DATA —
BEGIN
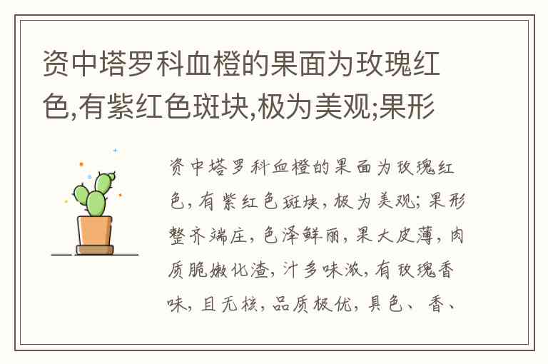 资中塔罗科血橙的果面为玫瑰红色,有紫红色斑块,极为美观;果形整齐端庄,色泽鲜丽,果大皮薄,肉质脆嫩化渣,汁多味浓,有玫瑰香味,且无核,品质极优,具色、香、味三绝于一果,堪称南果一绝,深受人们的喜爱。它的果皮、果肉及其“丝络”分别属于 () ①保护组织 ②输导组织 ③分生组织 营养组织 A. ①④② B. ③④② C. ①②③ D. ①④③
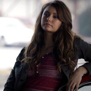 Denim & Supply Ralph Lauren Stretch-Lace Scoop Neck 3/4 Sleeve Henley in Deep Ruby as seen on Katherine Pierce (Nina Dobrev) in The Vampire Diaries season 5 episode 14. Same style, brand and color. Hard to find in the screen accurate color. Katherine wore a white camisole underneath.
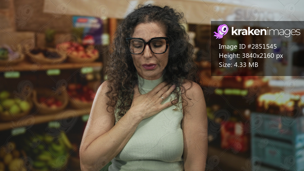 Hispanic woman clutch chest for heartattack on street fruit stand with fresh wooden produce baskets; distress.
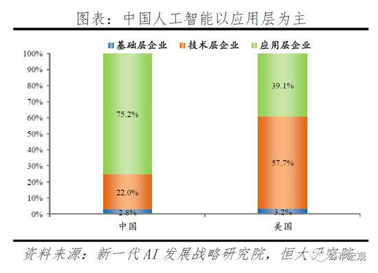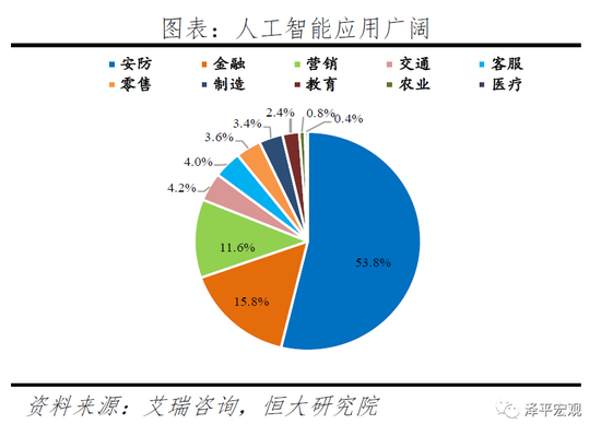 人工智能企业可分为基础层、技术层和应用层,目前中国以应用层发展为主,相关企业数量占比近八成。其中,基础层以AI芯片、计算机语言、算法架构等研发为主;技术层以计算机视觉、智能语音、自然语言理解等应用算法的研发为主,应用层解决实际问题,是人工智能技术针对行业提供产品、服务和解决方案,其核心是商业化。根据《中国新一代人工智能科技产业发展报告(2019)》,截至2019年2月,应用层人工智能企业占比最高,为75.2%;技术层居第二位,占比为22.0%;基础层企业占比最少仅为2.8%,而美国三类企业分别为39.1%、57.7%、3.2%。根据艾瑞咨询在《中国人工智能产业研究报告》中的测算,AI在安防和金融领域市场份额最大,在工业、医疗、教育等领域最具爆发力。
END
WHAT IS EXPECTED —
Give back the material above exactly as it appears, minus any picture.

EXERCISE ANSWER —
 资中塔罗科血橙的果面为玫瑰红色,有紫红色斑块,极为美观;果形整齐端庄,色泽鲜丽,果大皮薄,肉质脆嫩化渣,汁多味浓,有玫瑰香味,且无核,品质极优,具色、香、味三绝于一果,堪称南果一绝,深受人们的喜爱。它的果皮、果肉及其“丝络”分别属于 () ①保护组织 ②输导组织 ③分生组织 营养组织 A. ①④② B. ③④② C. ①②③ D. ①④③
 Denim & Supply Ralph Lauren Stretch-Lace Scoop Neck 3/4 Sleeve Henley in Deep Ruby as seen on Katherine Pierce (Nina Dobrev) in The Vampire Diaries season 5 episode 14. Same style, brand and color. Hard to find in the screen accurate color. Katherine wore a white camisole underneath.
 Hispanic woman clutch chest for heartattack on street fruit stand with fresh wooden produce baskets; distress.
 人工智能企业可分为基础层、技术层和应用层,目前中国以应用层发展为主,相关企业数量占比近八成。其中,基础层以AI芯片、计算机语言、算法架构等研发为主;技术层以计算机视觉、智能语音、自然语言理解等应用算法的研发为主,应用层解决实际问题,是人工智能技术针对行业提供产品、服务和解决方案,其核心是商业化。根据《中国新一代人工智能科技产业发展报告(2019)》,截至2019年2月,应用层人工智能企业占比最高,为75.2%;技术层居第二位,占比为22.0%;基础层企业占比最少仅为2.8%,而美国三类企业分别为39.1%、57.7%、3.2%。根据艾瑞咨询在《中国人工智能产业研究报告》中的测算,AI在安防和金融领域市场份额最大,在工业、医疗、教育等领域最具爆发力。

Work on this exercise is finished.